Лидия Ивановна спросила у горничной и кухарки Пашетты, зачем она дает это Николаю Семеновичу, и услышала в ответ, что тот без эфира уже не может – привык998
.Судя по той жизни, какую прожила Веселитская, – а в начале века она постепенно отходила от литературы, всё больше занимаясь благотворительностью: преподавала в царскосельской воскресной школе, помогала детям дворников осваивать иностранные языки, растила сына овдовевшего М. О. Меньшикова, – она и в самом деле была доброй, отзывчивой и бескорыстной. Лесков выбрал своего последнего конфидента очень метко.

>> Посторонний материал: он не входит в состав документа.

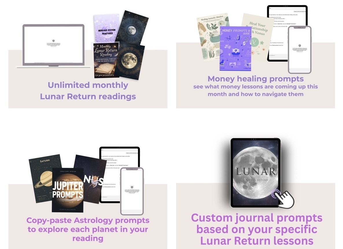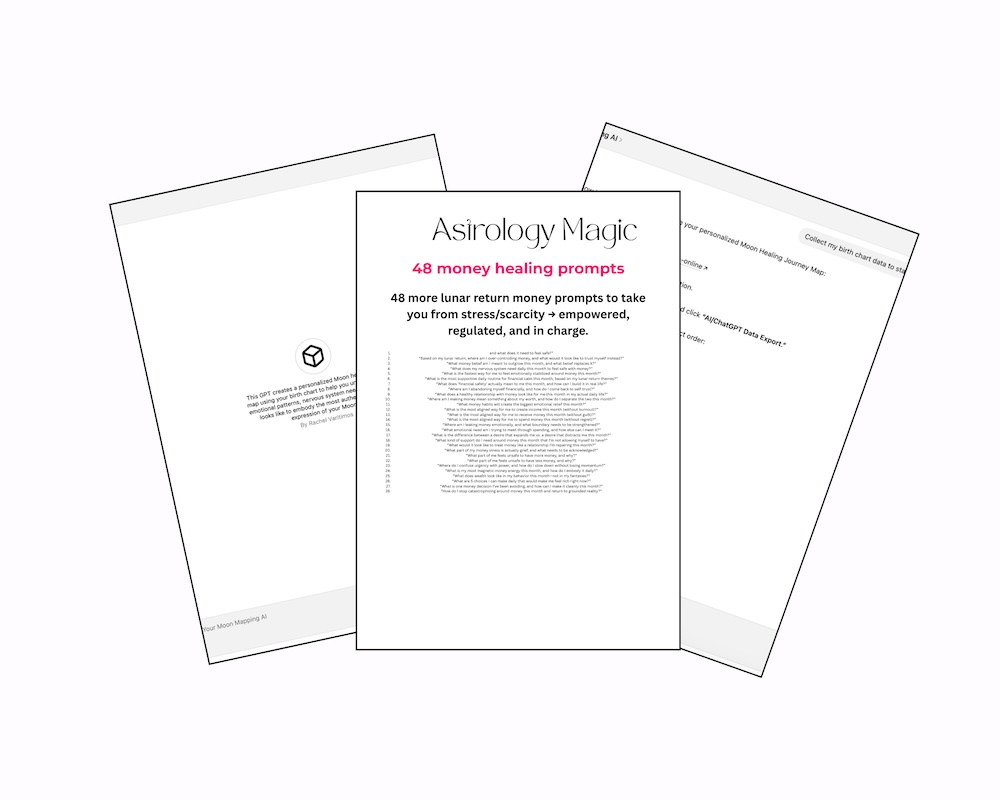 Most people recognize money patterns after they’ve already played out. This bonus gives you 48 tested prompts to spot what’s activating around money in your Lunar Return before you repeat the cycle—so when real-life decisions come up, you respond with clarity and feel steady instead of powerless.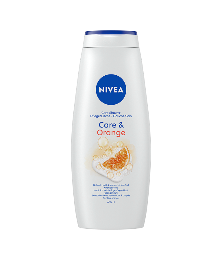 NIVEA Care & Orange Shower er en dusjkrem beriket med avokadoolje og en herlig duft av appelsin. Dusjsåpen inneholder naturlige oljer og vitamin C og E, og den gjør slik at huden føles merkbart myk, glatt og sunn i lang tid.
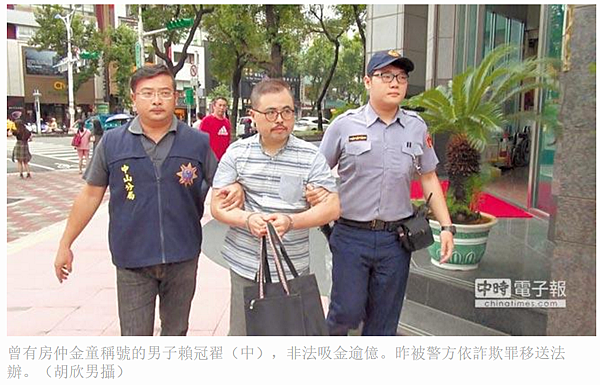 曾有房仲金童稱號的男子賴冠翟(中),非法吸金逾億。昨被警方依詐欺罪移送法辦。(胡欣男攝)

В 1925 году о знакомстве с ним Веселитская написала воспоминания, завершив их печально, но стоически: «Прошло тридцать с лишним лет со дня кончины Лескова. Из молодой женщины я превратилась в дряхлую, ветхую старуху. Думаю, что и деревянный крест на его могиле обветшал не менее. Но не ветшающий памятник, который он сам воздвиг себе своими сочинениями, стоит твердо и прочно»999
.Умерла Веселитская в бедности, прожив без малого 80 лет и едва сводя концы с концами. Могила ее утрачена, а архив остался и ждет исследователей1000
.Содом и Гоморра
После «На ножах» Лесков предпринял еще три попытки написать роман «общественного направления».
«Хочу уехать месяца на три за границу и сесть за роман»1001
, – писал он И. С. Аксакову 6 апреля 1875 года. Именно тогда он задумал «Чёртовых кукол», но отложил замысел на десять с лишним лет. В начале 1880-х он взялся за «записки человека без направления» – роман «Соколий перелет», публикация которого в «Газете Гатцука» в 1883 году прекратилась в самом начале. Лесков предполагал «изобразить “перелет” от идей», описанных им 20 лет назад в романе «Некуда», «к идеям новейшего времени». Но, как объяснял он в письме в редакцию газеты, роман «был начат писанием давно – более двух лет назад, при обстоятельствах, которые для печати весьма разнятся от нынешних»1002 (вероятно, он имел в виду усилившиеся при Александре III цензурные ограничения):«Останавливаюсь просто потому, что – верно или неверно – я нахожу эту пору совершенно неудобною для общественного романа, написанного правдиво, как я стараюсь по крайней мере писать, не подчиняясь ни партийным, ни каким другим давлениям».
Вскоре была предпринята следующая попытка. Лесков начал сочинять «Незаметный след», по замыслу примыкавший к «Сокольему перелету». Начало романа было напечатано в первом номере журнала «Новь», но продолжения не последовало. В очередном письме в редакцию (правда, уже другого издания), написанном в сентябре 1885 года, Лесков указывает «на разные неблагоприятные обстоятельства», которые помешали ему завершить труд. Очевидно, речь опять шла о цензуре.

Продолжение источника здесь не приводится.